Conditional Probability is the probability of A if B occurs. Denoted by \(P(A|B)\).

A Die Is Rolled

Let A be the event of rolling greater than a three.
Let B be the event of rolling an even number.
\(\Omega=\{1,2,3,4,5,6\}\)
We are told that B happens. Now what is the probability of A?

\(\Omega_{\text{new}}=\{2,4,6\}\)
Given our \(\Omega_{\text{new}}\), \(A_{\text{new}}=\{4,6\}\)

\[\frac{|A_{\text{new}}|}{|\Omega_{\text{new}}|}=\frac23\]

The Formula

\[P(A|B)=\frac{P(A\cap B)}{P(B)}\]

Reuven Has 2 Children

Let A be the event that Reuven has exactly 2 boys.
Let B be the event that Reuven has at least one boy.
Given that Reuven has at least one boy, what is the probability of Reuven having 2 boys?

Applying The Formula, \(P(A|B)=\frac{P(A\cap B)}{P(B)}\)
Since \(A\subseteq B\), \(\frac{P(A\cap B)}{P(B)}=\frac{P(A)}{P(B)}=\frac{\frac14}{\frac34}=\frac13\)

\[\frac{P(A\cap B)}{P(B)}=\frac13\]

Independent Events

Events \(A\) and \(B\) are independent events  if \(P(A|B)=P(A)\)
(Meaning, if knowing \(B\) happened has no effect on the probability of \(A\).)

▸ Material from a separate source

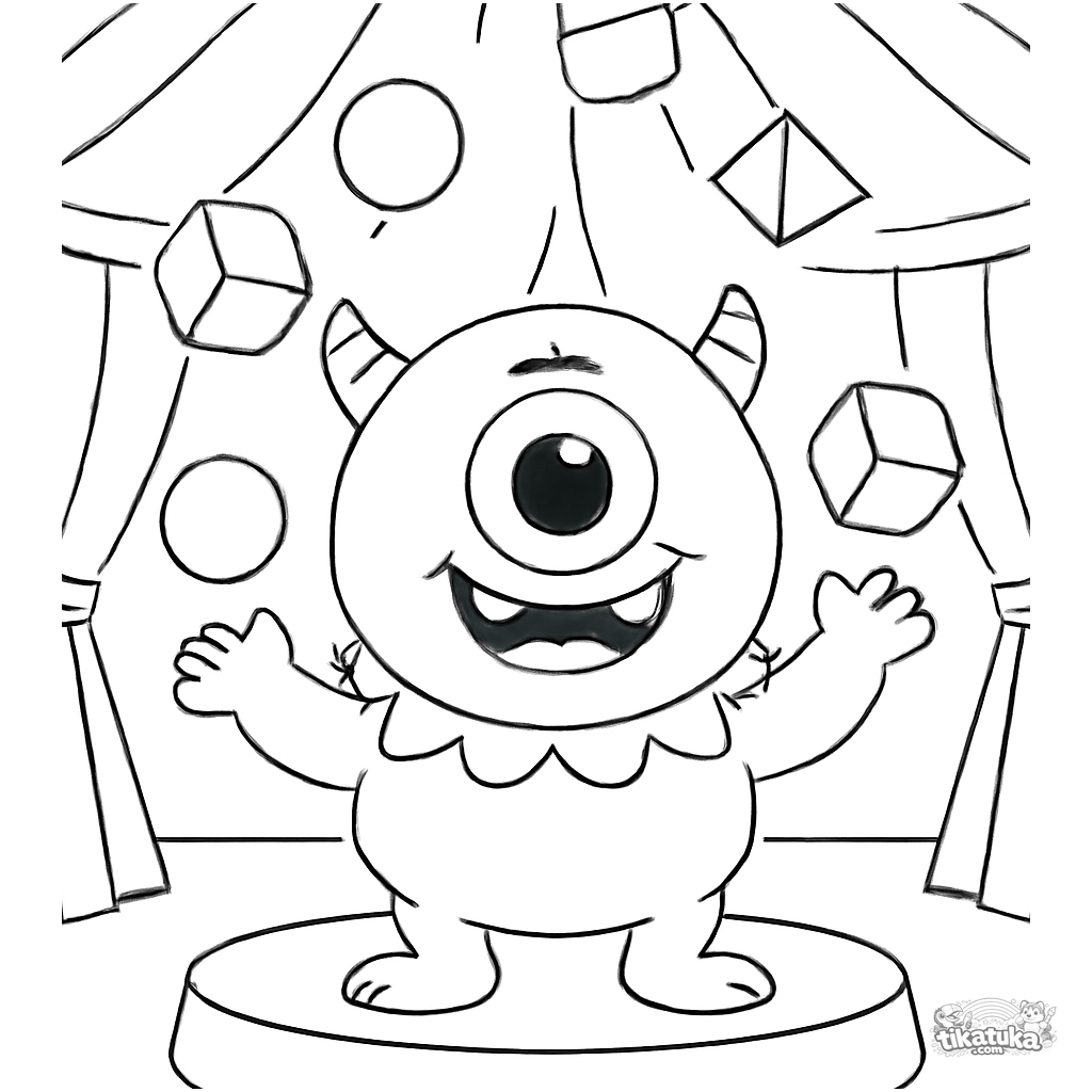Ausmalbild eines Zyklopen-Monsters, das mit geometrischen Formen auf einer Zirkusbühne jongliert. Für Kinder von 5-8 Jahren.

Properties of Independent Events
  1. Independence is mutual.
    • If \(P(A|B)=P(A)\), then \(P(B|A)=P(B)\).
  2. \(A, B\) are independent \(\iff P(A\cap B)=P(A)\cdot P(B)\)
    • This extends to \(n\) mutually independent events.

Don’t mix this up with disjoint events!

Disjoint events are not the same thing as independent events.

In fact, if \(P(A),P(B)\not=0\), then if they are disjoint \(A,B\) must be dependent.

Evaluating Conditional Probabilities

Example

\(A=\) I visit New York
\(B=\) I visit the Statue of Liberty
Excalidraw Excalidraw
Given \(P(A)=0.7\) and \(P(B|A)=0.4\), what is \(P(B)\)?

\(P(B)=P(B\cap A)\) because \(B\subseteq A\).
By definition: \(P(B|A)=\frac{P(B\cap A)}{P(A)}\).
Multiplying both sides by \(P(A)\) gives us:

\[\begin{align}P(B\cap A)&=P(A)\cdot P(B|A)\\P(B\cap A)&=0.7\cdot 0.4&=0.28\\P(B\cap A)&=P(B)&=0.28\end{align}\]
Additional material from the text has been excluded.